Authors | Eric Flint Virginia DeMarce |
---|---|
Cover artist | Tom Kidd |
Country | United States |
Language | English |
Series | 1632 series aka Ring of Fire series |
Genre | Alternate history |
Publisher | Baen Books |
Publication date | April 25, 2006 (hc) November 27, 2007 (mmpb) |
Media type | Print (hardback) Mass Market Paperback e-book |
Pages | 512 pages, 720 pages (pb) |
ISBN | 1-4165-2060-0 (hc) ISBN 1-4165-7382-8 (pb) ISBN 978-1-4165-7382-1 |
OCLC | 64097638 |
813/.54 22 | |
LC Class | PS3556.L548 A6184 2006 |
Preceded by | 1634: The Galileo Affair |
Followed by | 1635: The Cannon Law |
1634: The Ram Rebellion is the seventh published work in the 1632 alternate history book series,[1] and is the third work to establish what is best considered as a "main plot line or thread" of historical speculative focus that are loosely organized and classified geographically. The initial main thread is called the "Western and North-Central Europe thread" (encompassing northern and western Germany, Denmark, England, France, the Low Countries, Sweden and the Baltic); the second plot line, encompassing events in Italy, Spain, the Mediterranean region, and France, the "South European thread", and this book can be considered the starting novel of the "South-Central/South-East thread" being set in southern Germany, Austria, Bavaria, and Bohemia. This geographically organized plot thread actually began in Ring of Fire in Flint's novelette "The Wallenstein Gambit" which is set in Bohemia, Austria, and Germany, which tied into stories in various Grantville Gazettes.
Contents
The book is hard to classify as it is an oddity, as acknowledged by series creator Eric Flint in the foreword; an anthology in fact, with several longer novelettes sandwiching seemingly unrelated short stories under a (hidden for a while) overarching story line that is capped off by a short novel that finally brings all the seemingly unrelated and disparate contents together in the latter part of the book.

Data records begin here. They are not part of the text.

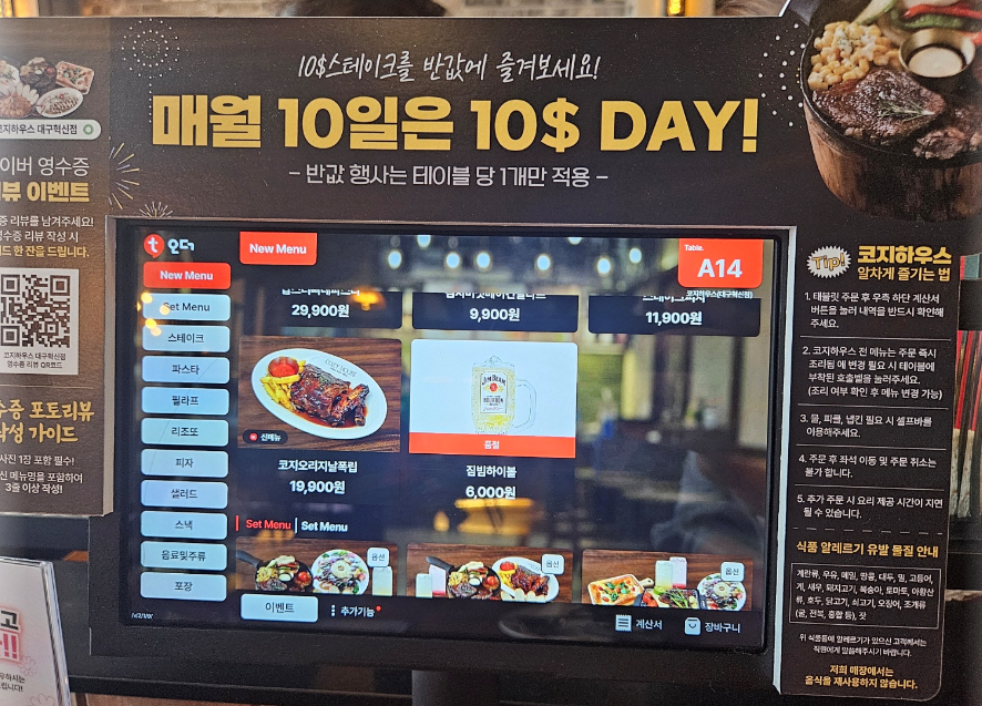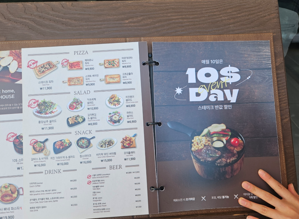 그 외에도 매월 10일에는 10$ 스테이크를 6900원에 먹을 수 있는 십일데이 이벤트도 있으니 매달 10에는 코지하우스에서 외식하면 이득이에요
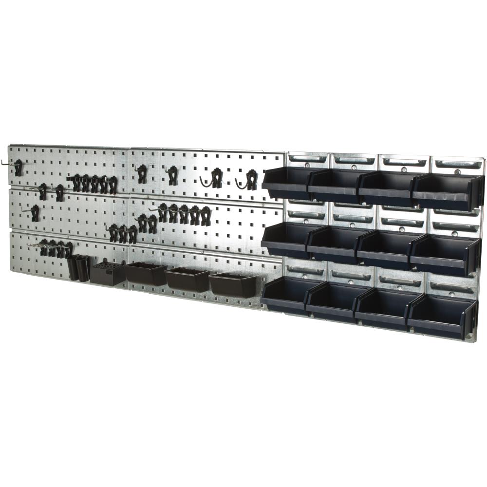 Værktøjsvæg med 3 hulplader, 33 assorterede clips til ophæng af værktøj og 12 lagerkasser. Hulplader er fremstillet i galvaniseret stål. Ekstra clips kan købes separat.
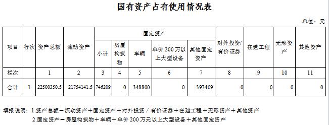 截至2017年12月31日,姚安县扶贫办资产总额22500350.5元,其中,流动资产21754141.5元,固定资产746209.00元,对外投资及有价证券0元,在建工程0元,无形资产0元,其他资产0元(具体内容详见附表)。与上年相比,本年资产总额 增加10700191.5元,其中:流动资产增加10646841.5元,固定资产增加53350.00元。处置房屋建筑物0平方米,账面原值0元;处置车辆0辆,账面原值0元;报废报损资产0项,账面原值0元,实现资产处置收入0元;出租房屋0平方米,账面原值0元,实现资产使用收入0元。
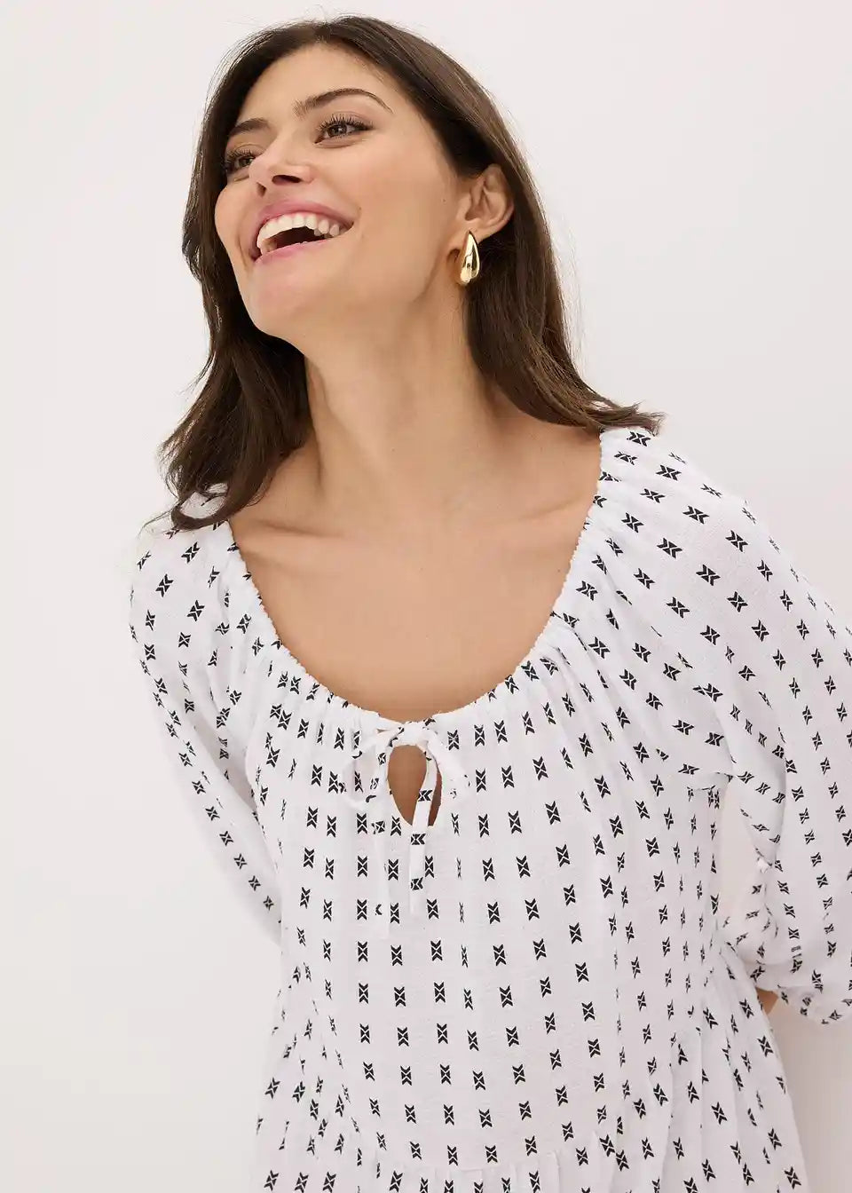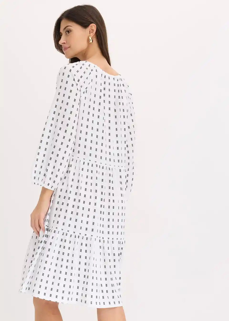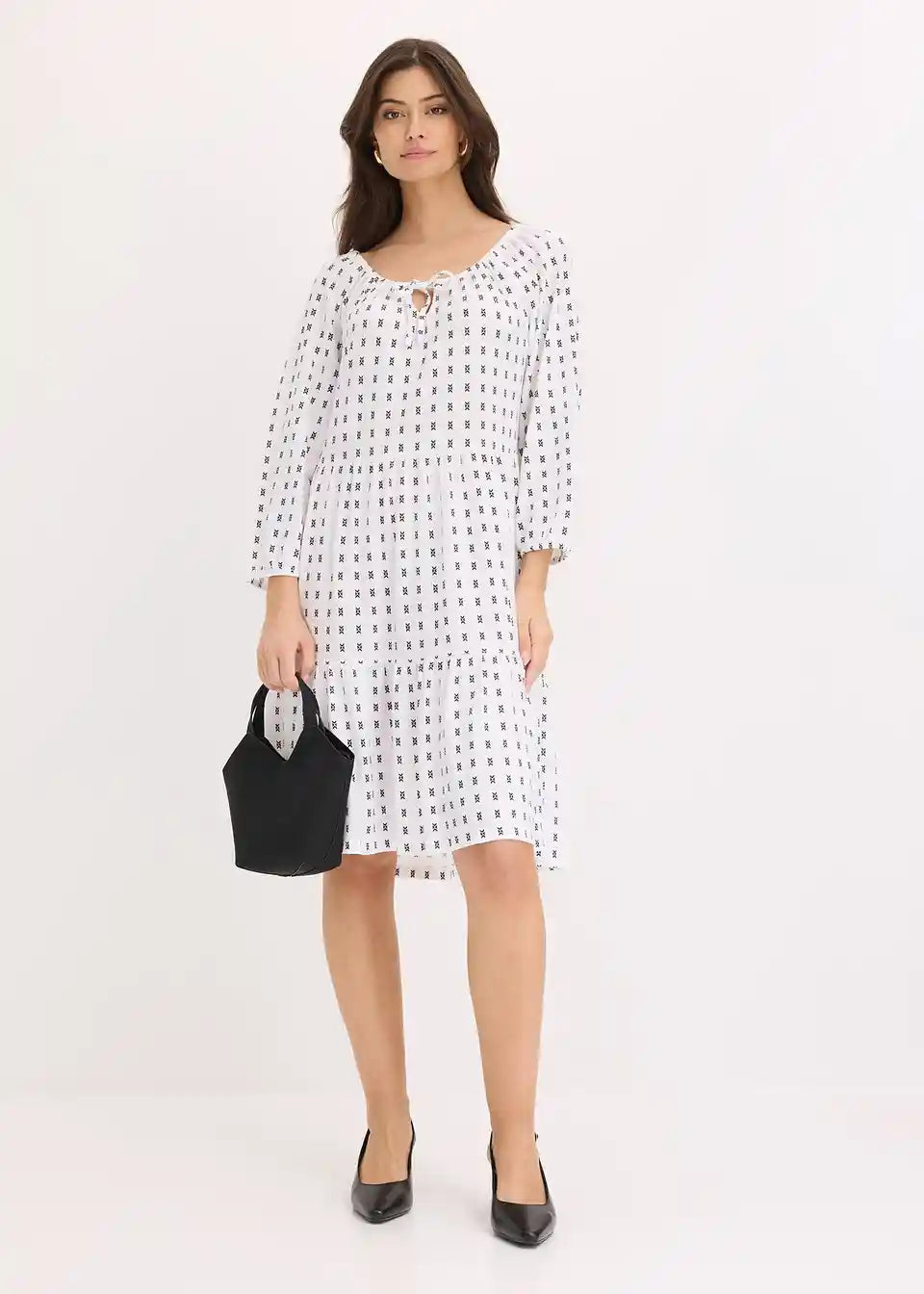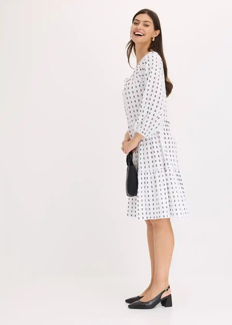 Bedrucktes Midikleid mit Volantssaum und Ballonärmeln

Unlike most works in the 1632 series, much of this book is written from the standpoint of common people "in the street", including Germans trying to cope with Grantville, West Virginia, up-timers trying to cope with their new world around Grantville, and both trying to deal with the problems of two widely different cultures meeting in the new United States of Europe. These merging dynamics are the milieu shaping stories Flint felt necessary to include even though they are set in 1631–1632. Their impact extends throughout the book and into 1634, as well as across political boundaries and battle lines as the historical imperatives developed in this book extend into the direct sequel 1634: The Bavarian Crisis.
Plot summary
The book spot-covers local events and a few related diplomatic discussions from a few days after the Ring of Fire (May–June 1631) to October in the fall of 1634—giving it the largest time footprint of the four—though narrowly focused. The short novel that concludes the work begins in late August 1633 and overlaps many of the shorter works earlier in the book. Two of the three other books set in 1634 refer to the events in the work (usually as the "troubles in Franconia") setting its canonical place in the "greater" neo-historical international politics covered in the other two works.
"Recipes for Revolution"
The two Larkin "Birdie" Newhouse tales along with two flashback vignettes by Flint begin the Ram Rebellion book, all four set in the weeks immediately after the Ring of Fire. In the Flint stories which are sandwiched around the Birdie tales, Mike Stearns goes back to school under the tutelage of Melissa Mailey. Stearns has a problem, he has to get a handle on likely complications from the local population, as the stories are set just a few days after he is elected as Chairman of the Emergency Committee. As a result, Mailey gives Stearns several very thick history books on European history in the era.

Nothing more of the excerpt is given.